§ **WHAT THE TASK ASKS**: Using the records that follow, reproduce exactly the lines starting at the line containing "As alças com" and ending at the line containing "根據美聯工商舖資料研究部綜合". Include both end lines and no pictures.

§ **MATERIAL PROVIDED**:

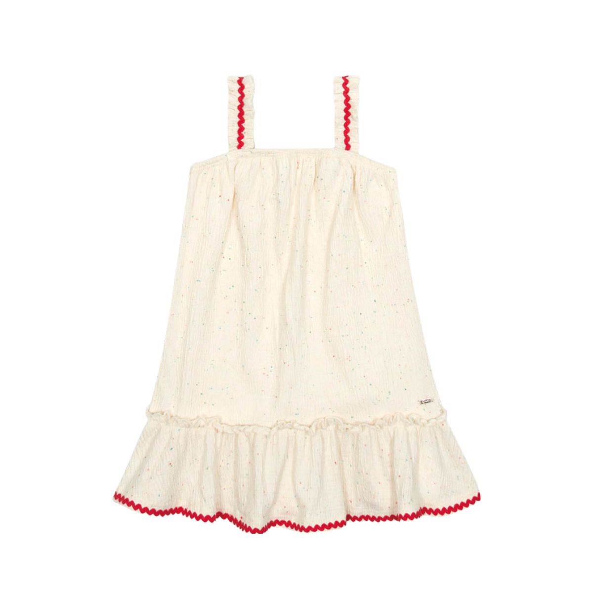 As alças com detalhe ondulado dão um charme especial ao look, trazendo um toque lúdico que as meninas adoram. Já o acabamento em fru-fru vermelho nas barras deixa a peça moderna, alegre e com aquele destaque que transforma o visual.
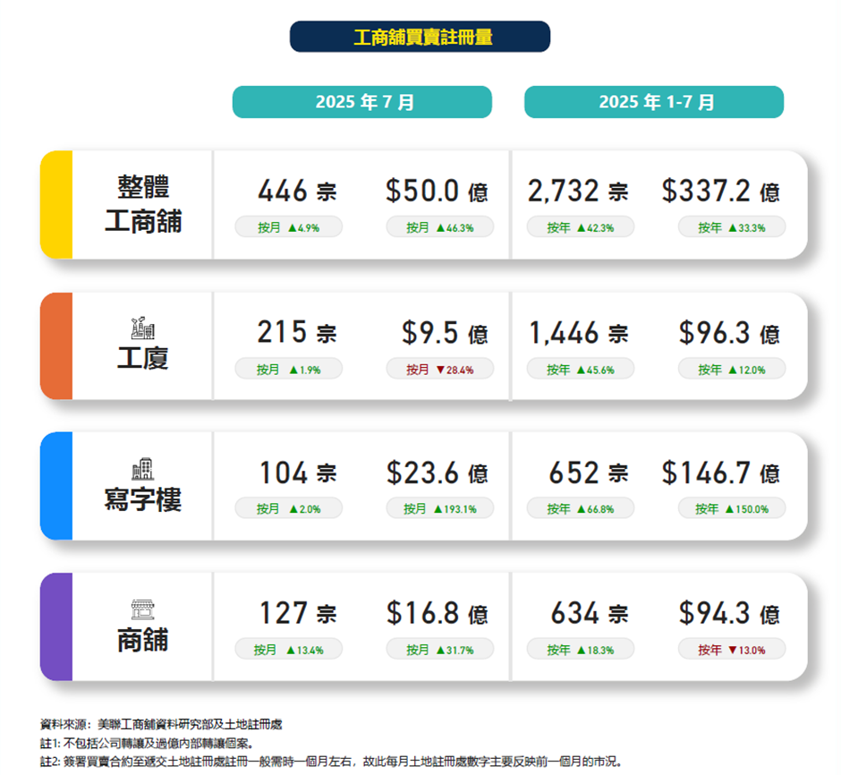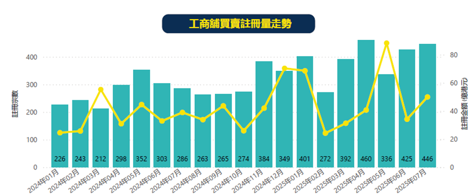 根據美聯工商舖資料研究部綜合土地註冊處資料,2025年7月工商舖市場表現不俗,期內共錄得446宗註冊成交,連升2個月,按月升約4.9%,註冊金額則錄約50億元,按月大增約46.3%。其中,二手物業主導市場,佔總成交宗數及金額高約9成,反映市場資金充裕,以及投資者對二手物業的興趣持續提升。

--

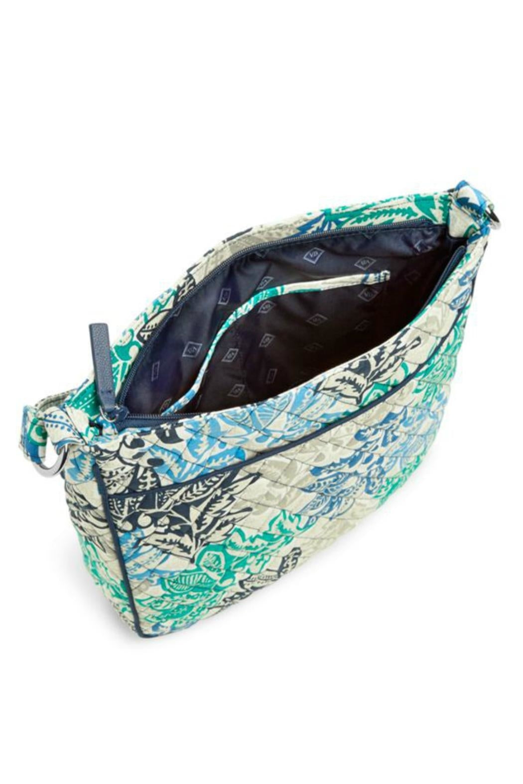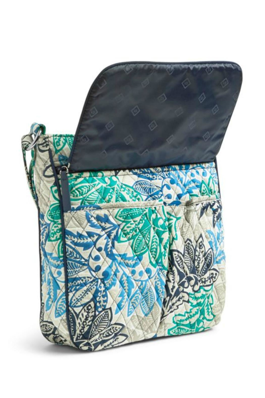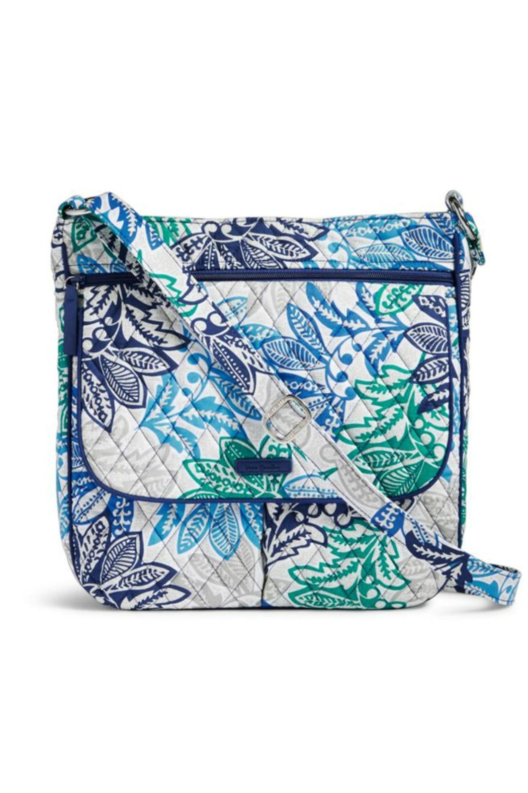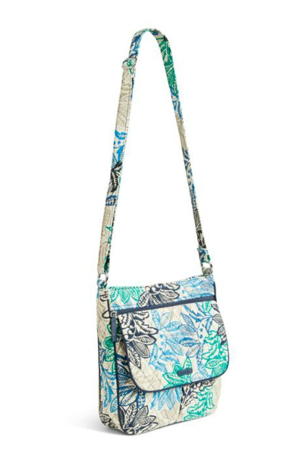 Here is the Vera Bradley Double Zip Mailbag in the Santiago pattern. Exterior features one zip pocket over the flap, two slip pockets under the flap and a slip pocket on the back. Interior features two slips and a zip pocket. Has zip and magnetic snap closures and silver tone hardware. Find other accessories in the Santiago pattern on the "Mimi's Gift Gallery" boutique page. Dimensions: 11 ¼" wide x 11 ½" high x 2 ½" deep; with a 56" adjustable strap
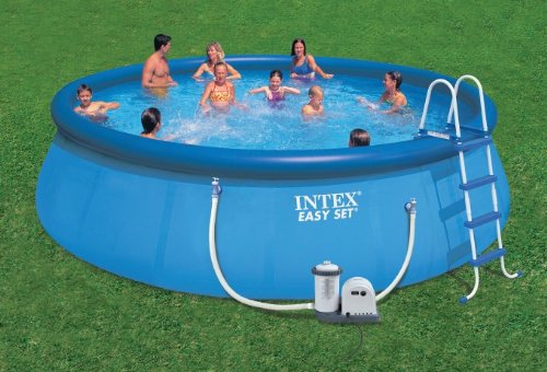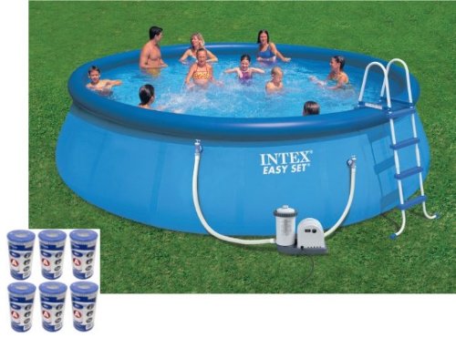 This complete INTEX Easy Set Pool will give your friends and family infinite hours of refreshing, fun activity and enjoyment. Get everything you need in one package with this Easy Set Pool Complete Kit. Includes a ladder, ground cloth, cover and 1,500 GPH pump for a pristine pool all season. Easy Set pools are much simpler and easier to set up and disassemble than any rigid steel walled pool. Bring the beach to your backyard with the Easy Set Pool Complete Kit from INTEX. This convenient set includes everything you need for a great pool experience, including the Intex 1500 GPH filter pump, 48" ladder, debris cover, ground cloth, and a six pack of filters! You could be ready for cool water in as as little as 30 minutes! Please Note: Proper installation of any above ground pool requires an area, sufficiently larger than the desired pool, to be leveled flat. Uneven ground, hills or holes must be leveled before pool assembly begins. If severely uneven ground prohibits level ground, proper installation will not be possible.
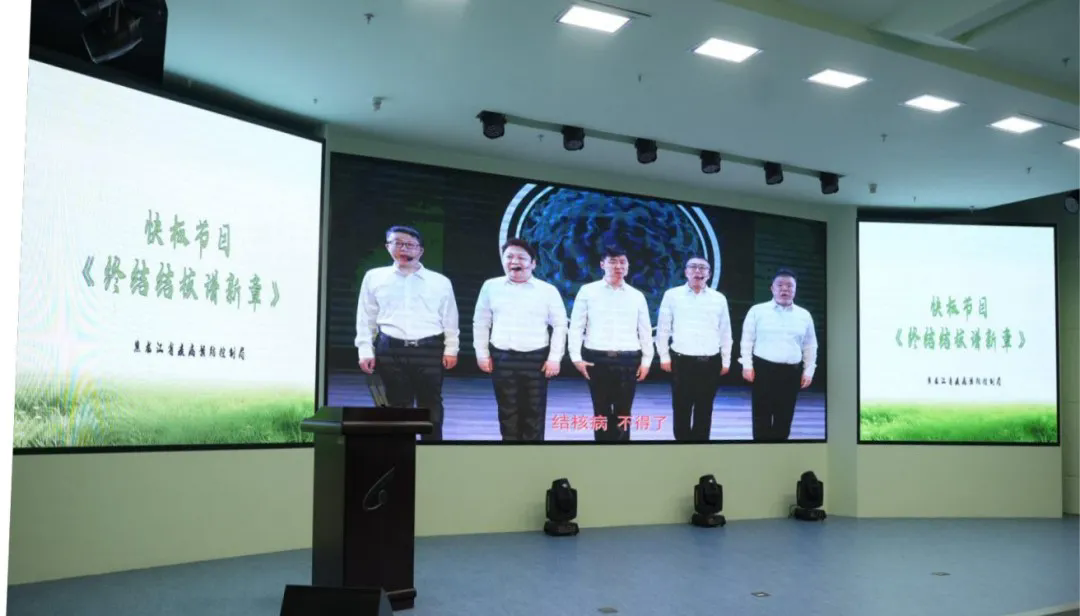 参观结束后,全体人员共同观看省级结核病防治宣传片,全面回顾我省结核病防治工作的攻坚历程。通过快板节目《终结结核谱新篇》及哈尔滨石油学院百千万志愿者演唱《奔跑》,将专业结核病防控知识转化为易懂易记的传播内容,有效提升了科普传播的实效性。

* * *

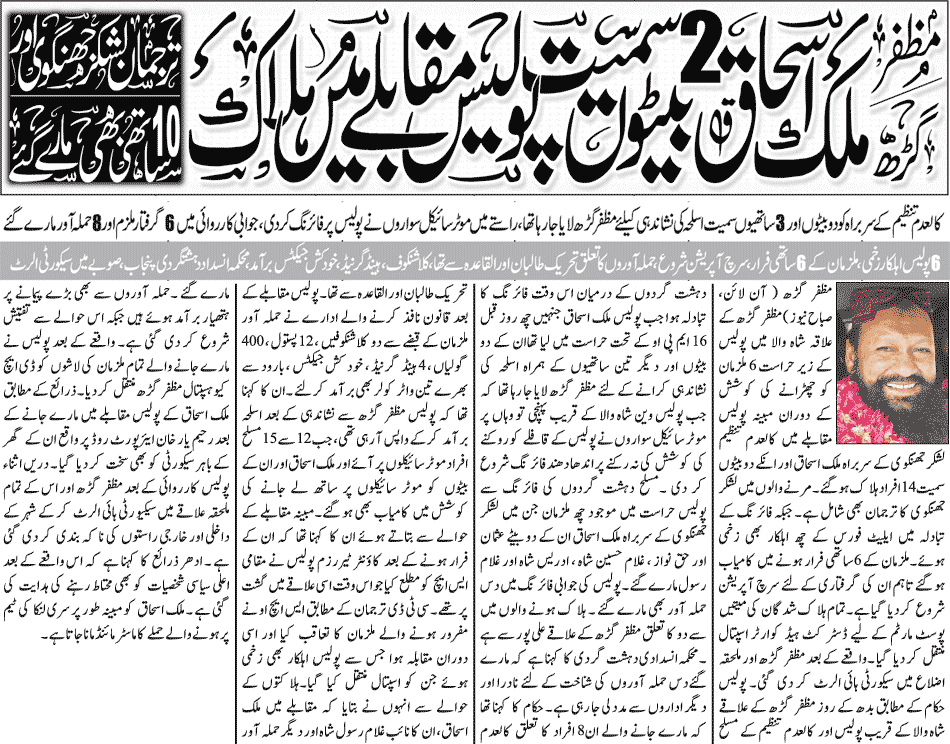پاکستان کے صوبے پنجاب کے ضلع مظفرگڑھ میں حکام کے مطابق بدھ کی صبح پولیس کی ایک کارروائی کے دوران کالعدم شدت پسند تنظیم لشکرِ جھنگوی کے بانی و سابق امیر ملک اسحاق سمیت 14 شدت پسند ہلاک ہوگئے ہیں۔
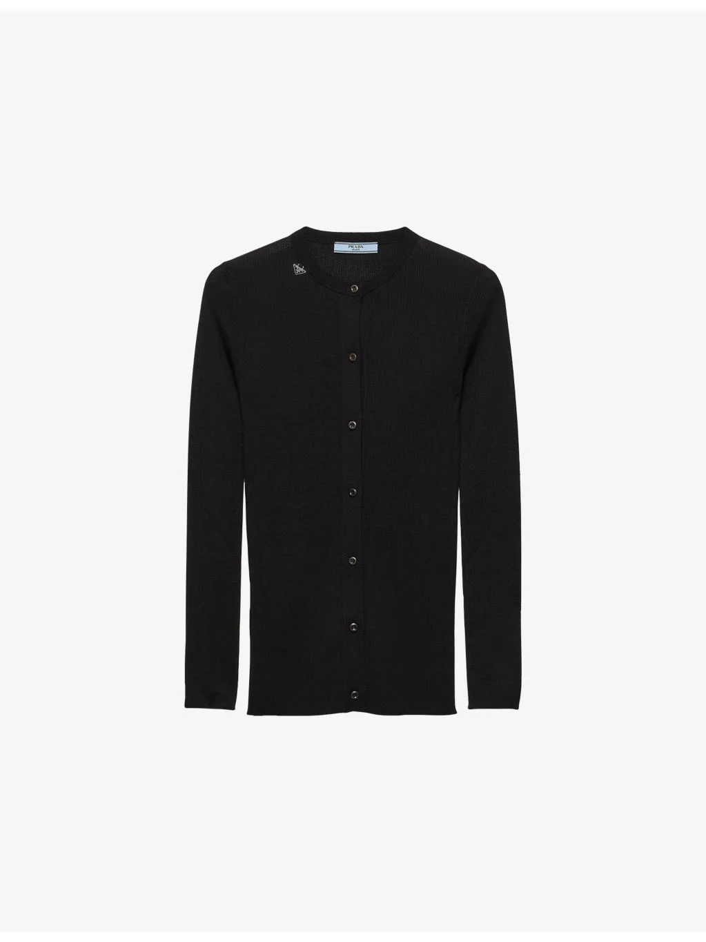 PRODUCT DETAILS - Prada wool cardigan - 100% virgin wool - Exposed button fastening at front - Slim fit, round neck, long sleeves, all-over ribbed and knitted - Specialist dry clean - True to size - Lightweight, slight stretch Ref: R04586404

§ **SOLUTION FOR THIS PROBLEM**:
 As alças com detalhe ondulado dão um charme especial ao look, trazendo um toque lúdico que as meninas adoram. Já o acabamento em fru-fru vermelho nas barras deixa a peça moderna, alegre e com aquele destaque que transforma o visual.
 根據美聯工商舖資料研究部綜合土地註冊處資料,2025年7月工商舖市場表現不俗,期內共錄得446宗註冊成交,連升2個月,按月升約4.9%,註冊金額則錄約50億元,按月大增約46.3%。其中,二手物業主導市場,佔總成交宗數及金額高約9成,反映市場資金充裕,以及投資者對二手物業的興趣持續提升。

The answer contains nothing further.